The Daily Mirror publisher is investigating the use of ChatGPT to help write local messages

The publisher of the Daily Mirror and Daily Express newspapers is investigating whether the artificial intelligence chatbot ChatGPT could help journalists write short messages, while media organizations explore ways to use AI.

Reach chief executive Jim Mullen told the Financial Times the company set up a working group to study how the tool could be used to help human reporters compile coverage of topics like local weather and traffic.
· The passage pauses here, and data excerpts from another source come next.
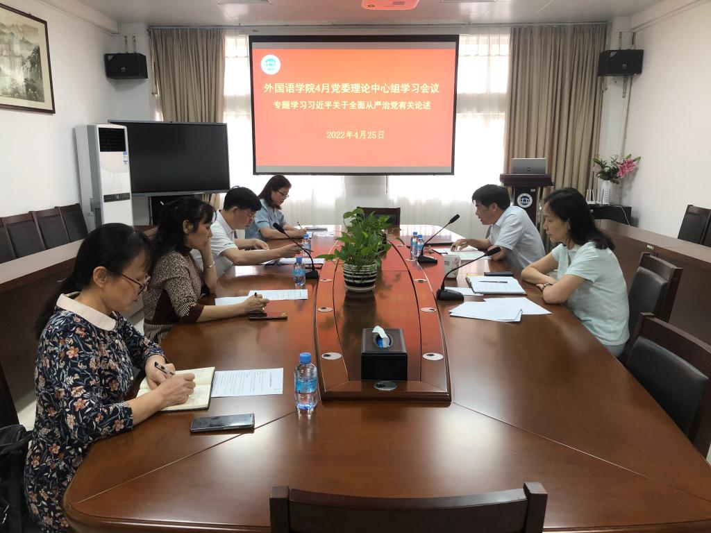 2022年4月25日下午,外国语公司党委开展理论学习中心组学习会,专题学习习近平总书记在十九届中央纪委六次全会上的重要讲话。bevictor伟德党委理论学习中心组成员参加会议。会议由公司书记吕伟荣主持。
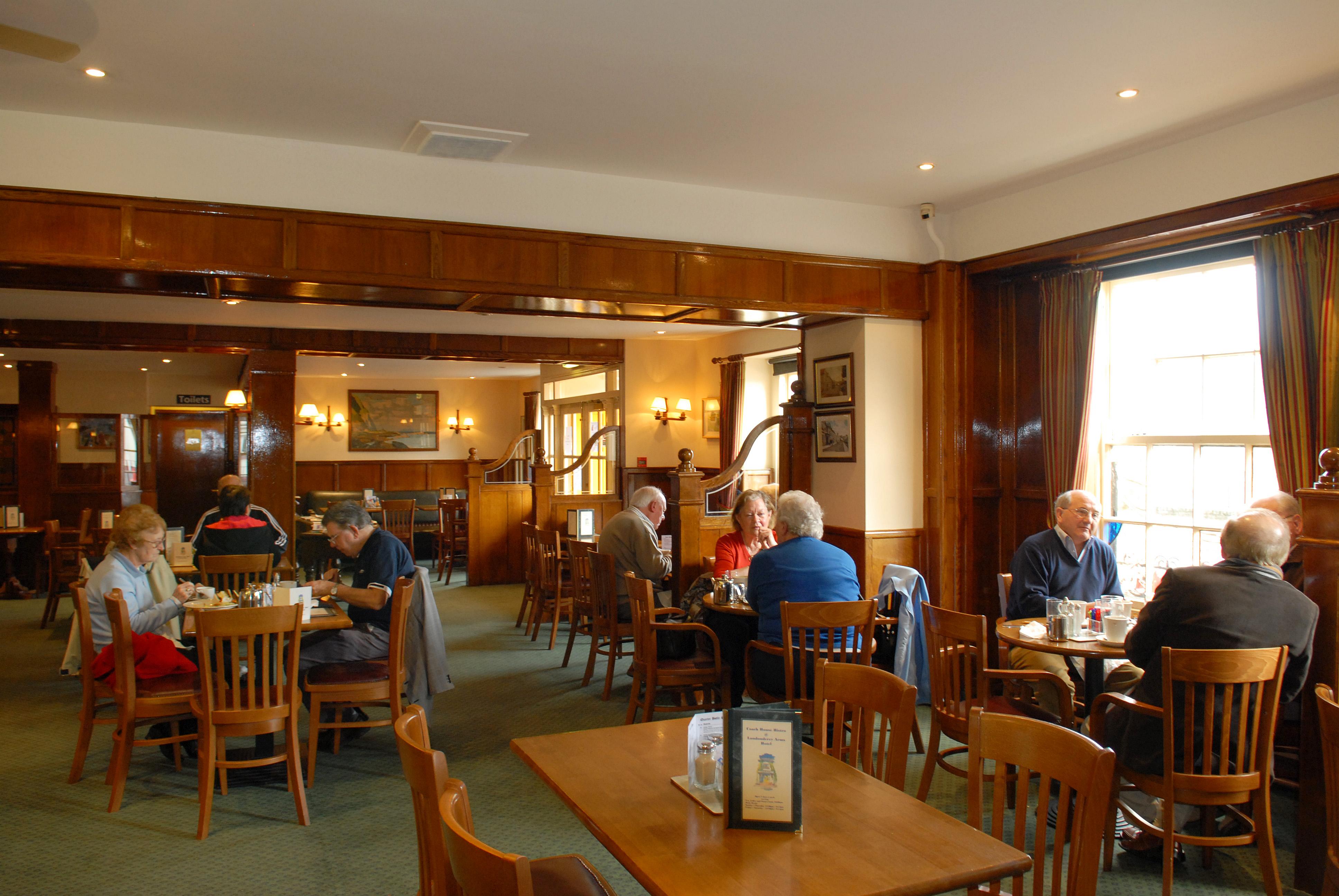El Londonderry Arms Hotel, ubicado en los pintorescos Glens of Antrim, ofrece una escapada histórica en el pueblo costero de Carnlough. Este hotel familiar cuenta con 35 habitaciones con baño privado, decoradas con buen gusto, cada una equipada con radio, televisión, teléfono, secador de pelo y set de té. Muebles antiguos y piezas de roble tallado adornan las zonas comunes del hotel, complementados con pinturas de artistas del Ulster. Muchas habitaciones ofrecen el acogedor ambiente de una chimenea de leña. Los huéspedes pueden disfrutar de una excelente gastronomía en el Frances Anne and Tapestry Room, que ofrece cocina local, o bien optar por una experiencia más informal en el Coach House. El ambiente cálido y personal del hotel proporciona un refugio relajante para escapar de la vida cotidiana.
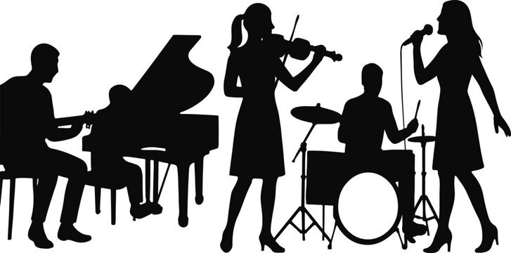 Silhouette of a diverse musical ensemble featuring a guitarist pianist violinist drummer and vocalist performing live music against a white background
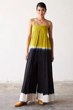 Elevate your style with this stunning lime-green, black, and white ombre jumpsuit. Featuring exquisite front pleat detailing, a chic zipper back opening, and a charming tie-up at the back for a touch of sophistication.
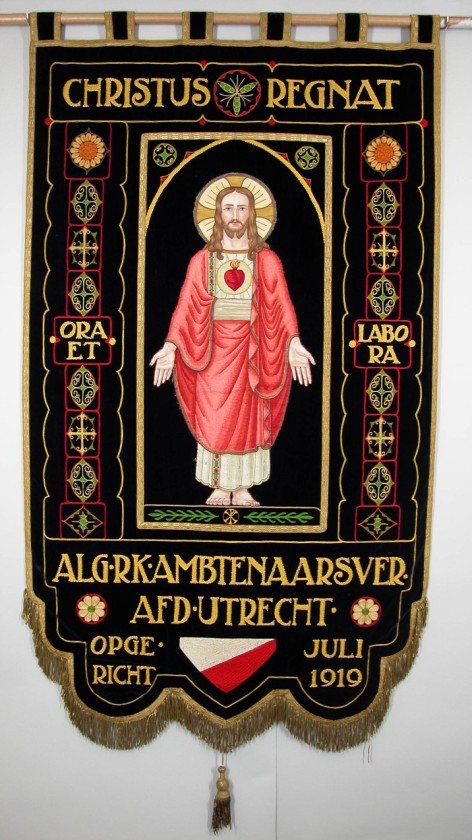 Blauw vaandel met Christus met brandend hart met "Alg. R.K. ambtenaarsver. Utrecht"
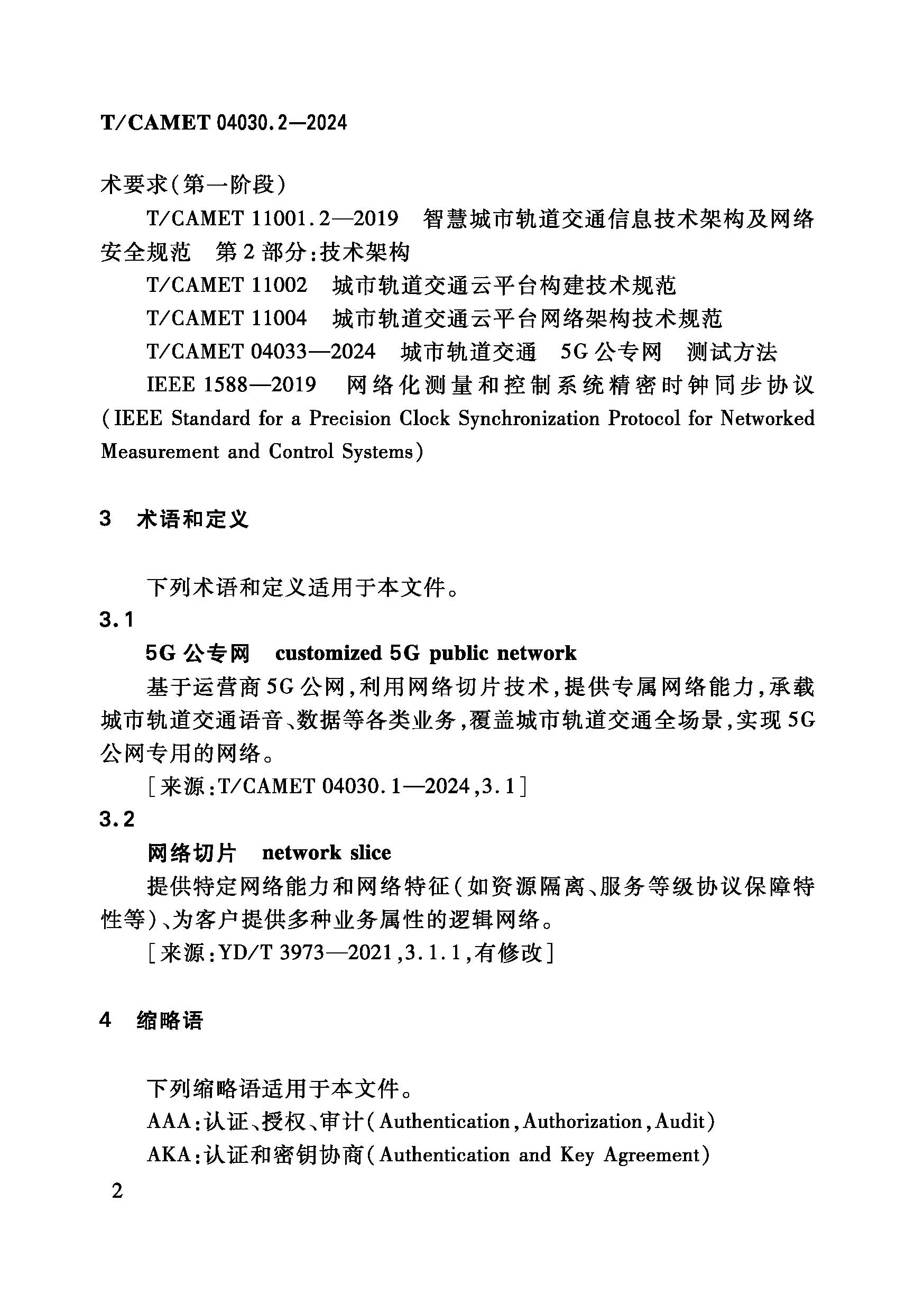 7105 城市轨道交通 5G公专网总体规范 第2部分:总体架构及系统需求(T/CAMET 04030.2-2024)
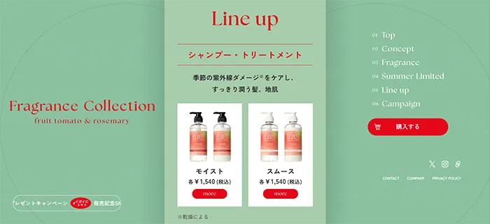 BOTANISTフレグランスコレクション’25 フルーツトマトとローズマリーの香りの特設サイトは、PCとスマートフォンが同じデザインで細い画面が表示されているサイトです。とても画像が綺麗で、トマトの赤い色を文字に利用して、トマトの画像を表示させたり、お洒落なサイトです。
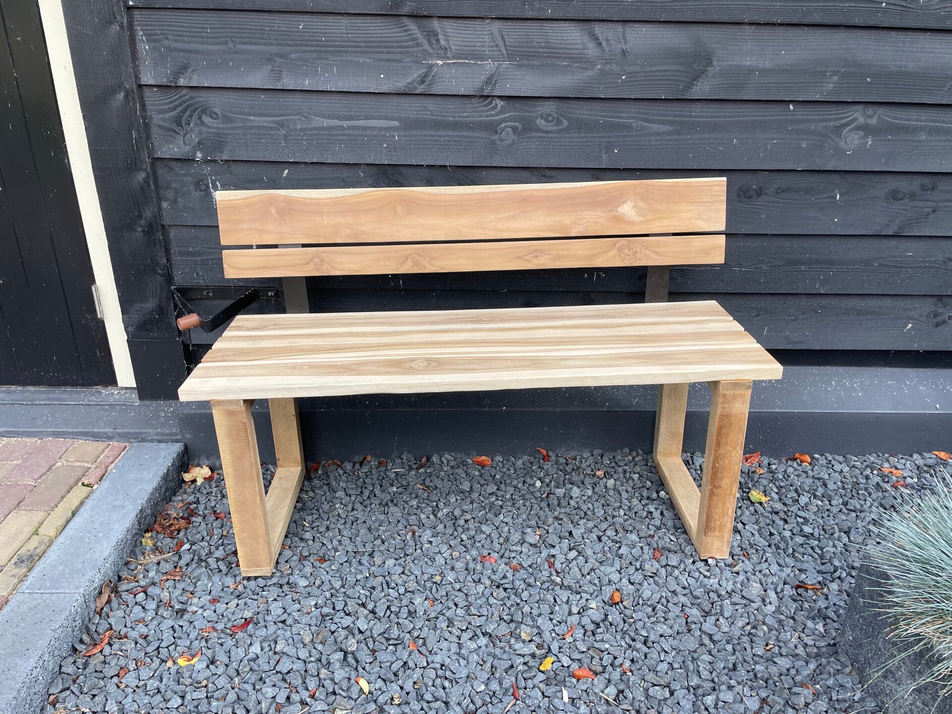 Deze Tuinbank staat op hardhouten poten en heeft prachtige teakplanken van 28mm dik als zitting en rugleuning .
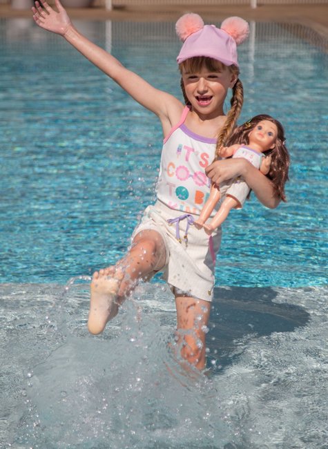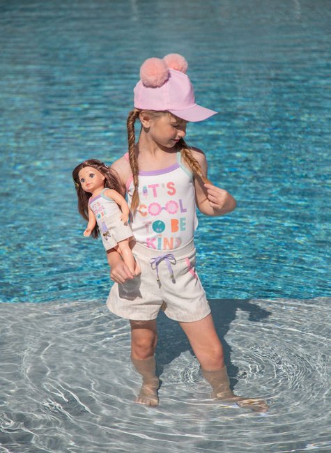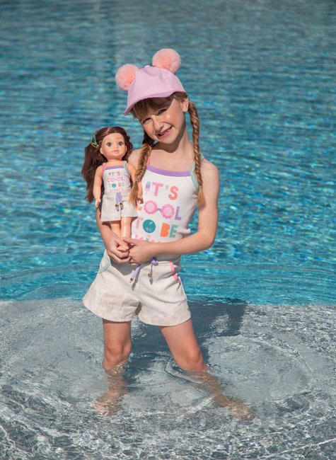 Look combinando com a boneca: a criança e a boneca usam o mesmo estilo, deixando tudo mais divertido!
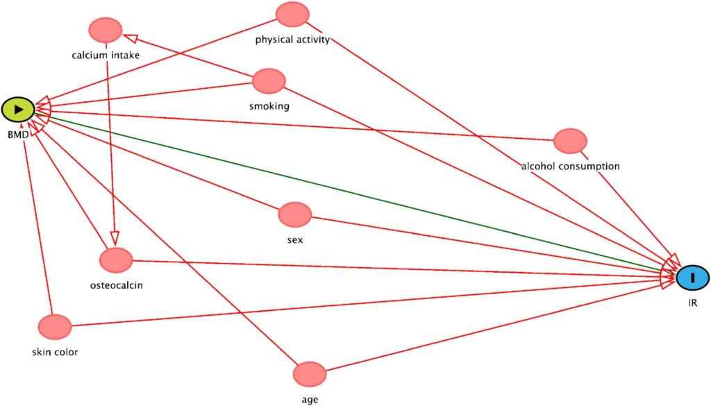 Cross-sectional analysis with 468 young adults from the fourth follow-up of the 1978/79 Ribeirão Preto prospective birth cohort, Brazil. BMD, total osteocalcin (OC), fasting plasma glucose and insulin concentrations were assessed. IR, sensitivity (S) and secretion (β) were estimated by homeostasis model assessment (HOMA) indexes. Multiple linear regression models were constructed to estimate the association between BMD and glucose metabolism. Beta coefficient, R2 and p-values were provided. WC was tested as an effect modifier and OC as a confounder. The covariates were selected based on Direct Acyclic Graph.
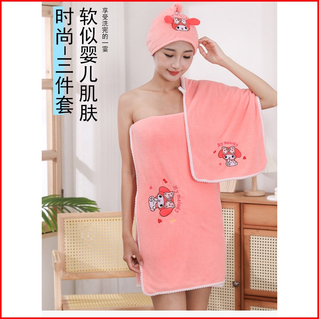 Handuk Mandi Set 3 In 1 Handuk Keramas Handuk Muka Handuk Mandi Hnaduk Kuromi
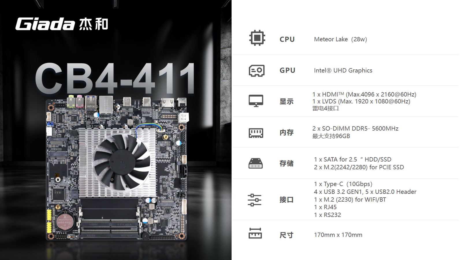 基于人们日渐新增的AI算力需求,jinnianhui官网,金年会科技推出AI一体机专用主板——CB4-411。该主板设计紧凑,尺寸仅为170mm x 170mm。
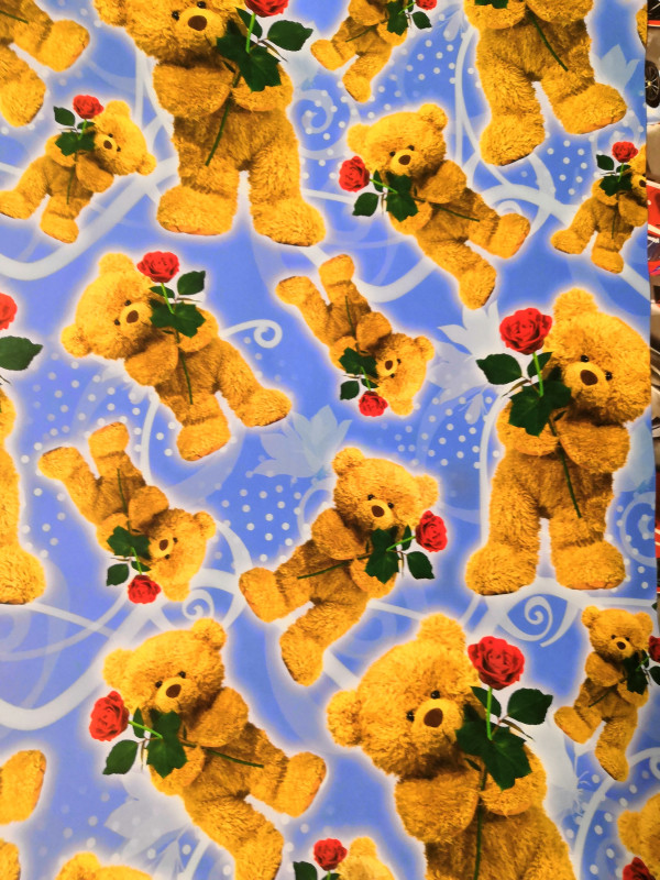 КП 1296 Бумага упаковочная "Коричневый мишка с красной розой" Размер 70*100 см.Матовая
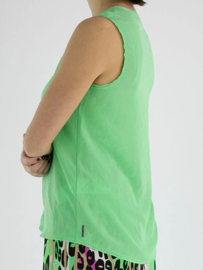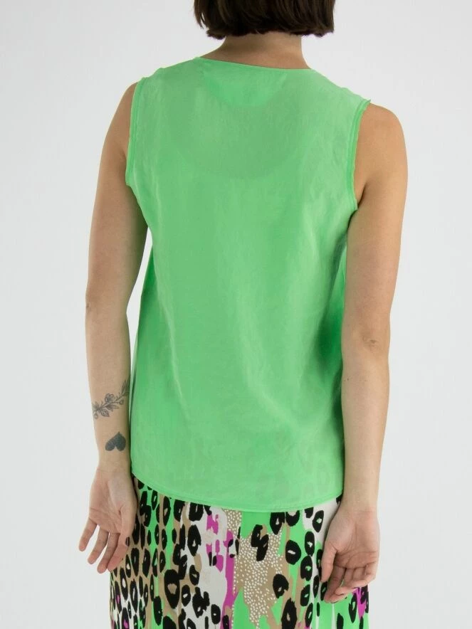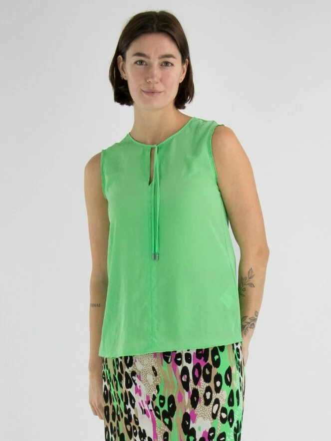 Un top de Marc Cain dans une couleur verte claire. Au milieu du col rond, il y a une découpe en V avec deux cordons. De cette ligne en V, il y a trois lignes de couture descendant jusqu’au bas du top. Ce top peut être lavé à 30 degrés.

“We commissioned a working group from our technical and editorial teams to explore the potential and limitations of machine learning like ChatGPT,” he said. “We see potential to use it in the future to assist our journalists with routine reports such as local traffic and weather, or to find creative uses for them outside of our traditional content areas.”

Newsrooms around the world are considering how advances in generative AI, including OpenAI’s ChatGPT and Google’s Bard chatbot, will impact the production of journalism.

BuzzFeed announced last month that it would be working with OpenAI, creators of ChatGPT, to help create its viral quizzes, while online news site CNET attempted to use the program to write economics statements before observers pointed out that it contained several errors.

Some news outlets have been experimenting with AI for years. Thomson Reuters has been using an internal program called Lynx Insight since 2018 to sift through information such as market data and find patterns for reporters.

Reach publishes more than 130 national and regional titles, including the Daily Record and the Manchester Evening News. Last month, the company warned that its full-year profit would come in lower than expected after being hit by cost inflation and lower advertising prices, particularly in print. It also said it would cut about 200 jobs across its editorial and commercial teams out of a total of 4,500 employees.

However, the group has expanded its presence into the US, opening an office in New York this year and launching online US versions of the Daily Express and the Irish Star to appeal to the US’s Irish American population.

Reach said research into potential uses of AI has more to do with adopting new technologies and leveraging data than with cost savings, adding that Reach now employs more journalists than it has at any time in the last 10 years.

Mullen said, “It’s very early days, but we see it as a tool to support our editorial teams, similar to the other technologies we already use.”

However. Chris Morley, the National Union of Journalists’ coordinator for Reach, expressed concern and said he would “seek meetings with the company.”

“I’m concerned that the company hasn’t spoken to us at all because of the potential impact on jobs,” he said. “We’re going through 200 job cuts in the group, it was a painful process.”

Francesco Marconi, co-founder of computer journalism company AppliedXL, who formerly worked on automation and AI at the Associated Press, said ChatGPT’s application in journalism would be in “support roles.”

“A framework to think about would be if GPT was an intern who can help you edit specific passages of reporting but cannot create original reporting,” he said.